In Heliopolis, the creation was attributed to Atum, a deity closely associated with Ra, who was said to have existed in the waters of Nu as an inert potential being. Atum was a self-engendered god, the source of all the elements and forces in the world, and the Heliopolitan myth described the process by which he "evolved" from a single being into this multiplicity of elements. The process began when Atum appeared on the mound and gave rise to the air god Shu and his sister Tefnut, whose existence represented the emergence of an empty space amid the waters. To explain how Atum did this, the myth uses the metaphor of masturbation, with the hand he used in this act representing the female principle inherent within him. He is also said to have "sneezed" and"spat" to produce Shu and Tefnut, a metaphor that arose from puns on their names. Next, Shu and Tefnut coupled to produce the earth god Geb and the sky goddess Nut, who defined the limits of the world. Geb and Nut in turn gave rise to four children, who represented the forces of life: Osiris, god of fertility and regeneration; Isis, goddess of motherhood; Set, the god of chaos; and Nephthys, the female complement of Set. The myth thus represented the process by which life was made possible. These nine gods were grouped together theologically as the Ennead, but the eight lesser gods, and all other things in the world, were ultimately seen as extensions of Atum.


At Heliopolis the name Atum is given to the First Principle, the Creator or Demiurge. The word Atum means both "All" and "Nothing", (c.f. the words attributed to Christ, "I am the alpha and the omega").  He represents the potential totality of the Universe which is as yet unformed and intangible.  There are three basic variants by which Atum gives rise to creation

The Primordial Hill

In this version Atum is in the midst of the Nun, the primordial chaos or nothingness (equivalent to the tohu or "the deep" of the Hebraic book of Genesis). Atum begins by "becoming", by projecting himself into existence', by distinguishing himself from the Nun, and thereby annihilating the Nun in its original inert state. This is represented by the primordial hill, like the first mounds of dirt and mud that can be seen when the floodwaters of the Nile recede. The image of the scarab god Khepri, representative of being and becoming, are also used here.

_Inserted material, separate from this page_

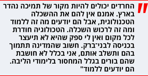 "זה בהחלט מטריד שרק צעירים מהמרכז שעברו ב־8200 מגיעים להיי־טק, ואין לי מושג איך פורצים את זה, אבל אני כן יכולה לשתף אותך במה שאני עושה כדי לשנות את זה. בעיניי, העלייה החדשה שתבוא לישראל עכשיו כדי להעשיר אותנו היא החרדים", היא מצביעה אל עבר בני־ברק הצפופה כקופסת לגו, הנשקפת מבעד לחלון של חדר הישיבות בקומה ה־35.
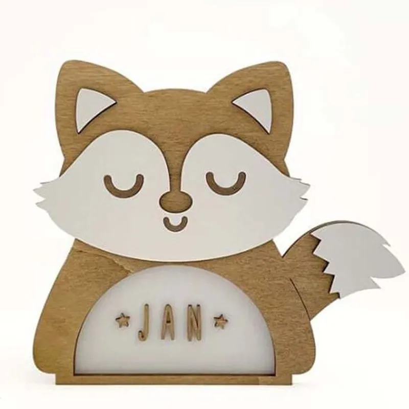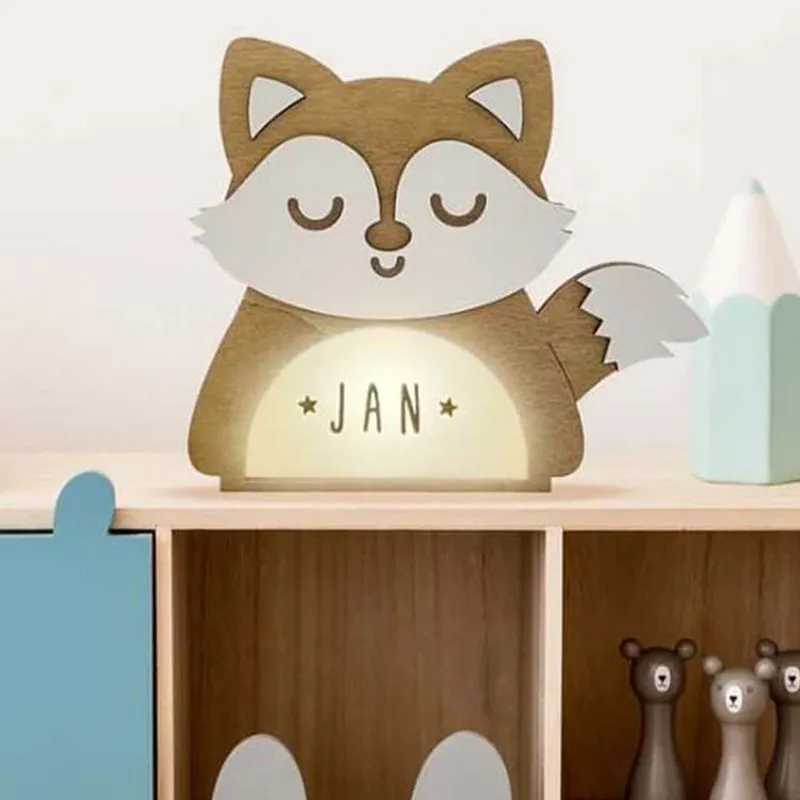 Candeeiro de presença em forma de raposa. Ao ligar, a sua barriga ilumina suavemente. Como todos os nossos produtos, podes personalizá-lo com o nome que preferires, uma vez que inclui um conjunto de letras e...

Hail Atum! Hail Khepri, he who becomes from himself!
You culminate in this your name of 'hill', you become in this your name of Scarab Khepri. (Pyramid Texts, 1587)

Atum-Khepri, you culminate as hill, you raise yourself up as Benu Bird from the ben-ben stone in the abode of the phoenix at Heliopolis. (Pyramid Texts, 1652.)

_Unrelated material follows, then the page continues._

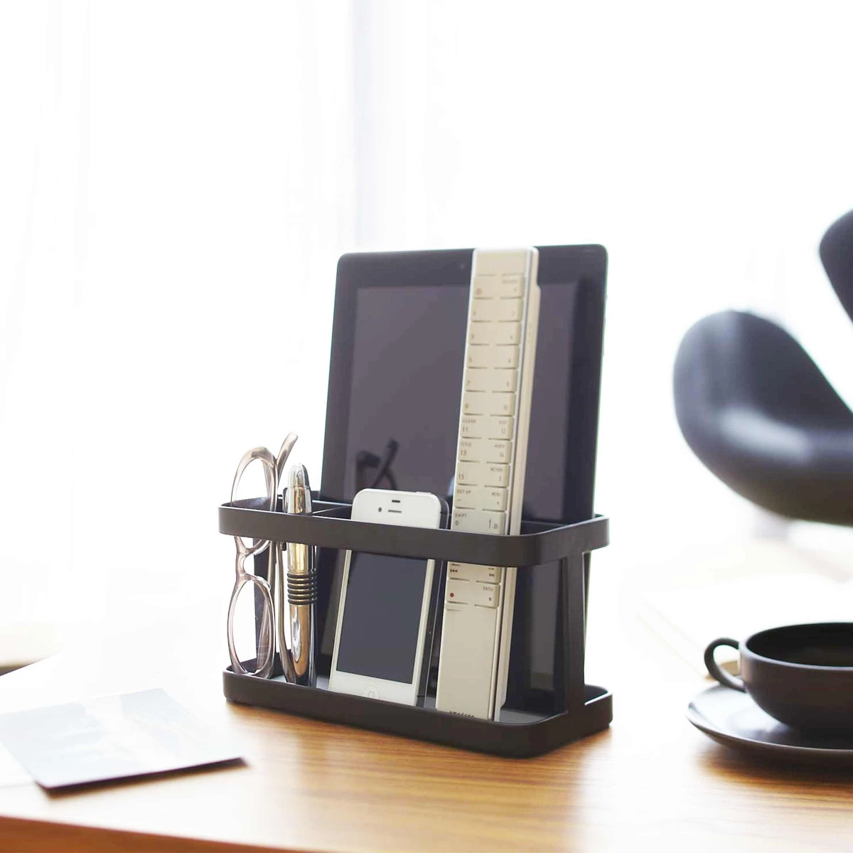 En acier noir, ce vide poche trouvera sa place dans une entrée, un bureau ou un salon. Idéal pour y ranger portables, tablette, lunettes ou clés, il vous rendra bien des services. Avec ses 3 compartiments chaque objet a sa place. Design et discret, il fera aussi un joli cadeau utile et esthétique. Il peut même être utilisé près de la télévision comme porte télécommandes.

Atum emerges from the cosmic waters in the form of the primordial hill. He then 'spits out' (ishish) the first of the divine qualities or powers: Shu, the Principle of air and of space, symbolized by the feather he wears on his head. Atum then 'expectorates' (tfnt) the second Principle, the lion-headed Tefnut, who probably represents the element of Fire, or perhaps the solar principle (in Western astrology the lion is associated with the sun).

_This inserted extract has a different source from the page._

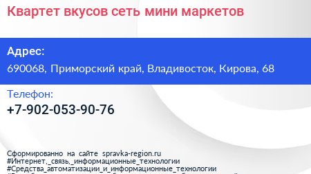 Квартет вкусов, сеть мини-маркетов по адресу 690068, Приморский край, Владивосток, Кирова, 68 в дальнейшем Организация, размещена в следующих категориях:

In another version, "Atum gives birth to himself through masturbation at Heliopolis', causing 'the seed from the kidneys to come" (Pyramid Texts, 1248). He then brings the twins Shu and Tefnut into the world. This strange (to us) image is an attempt to explain the eternal question, "if God created the universe, who created God?"  Answer, why, God of course)  Masturbation here is a metaphor of self-creation (autopeoisis). Atum's power is so great that he can give birth to his own parents.  The theme of the "Self-Begotten" is a recurring one in Sethian Gnosticism, and is also found in later Neoplatonism.

Projection of the heart

In a third version, Atum creates himself by the projection of his own heart - or in other word divine soul. Atum then brings forth the other eight elementary principles: Shu (air) and Tefnut (fire), then Geb (Earth), Nut (Sky), and finally Osiris and Isis, Seth and Nepthys. Together with himself, make up the Nine, the Great Ennead of Heliopolis.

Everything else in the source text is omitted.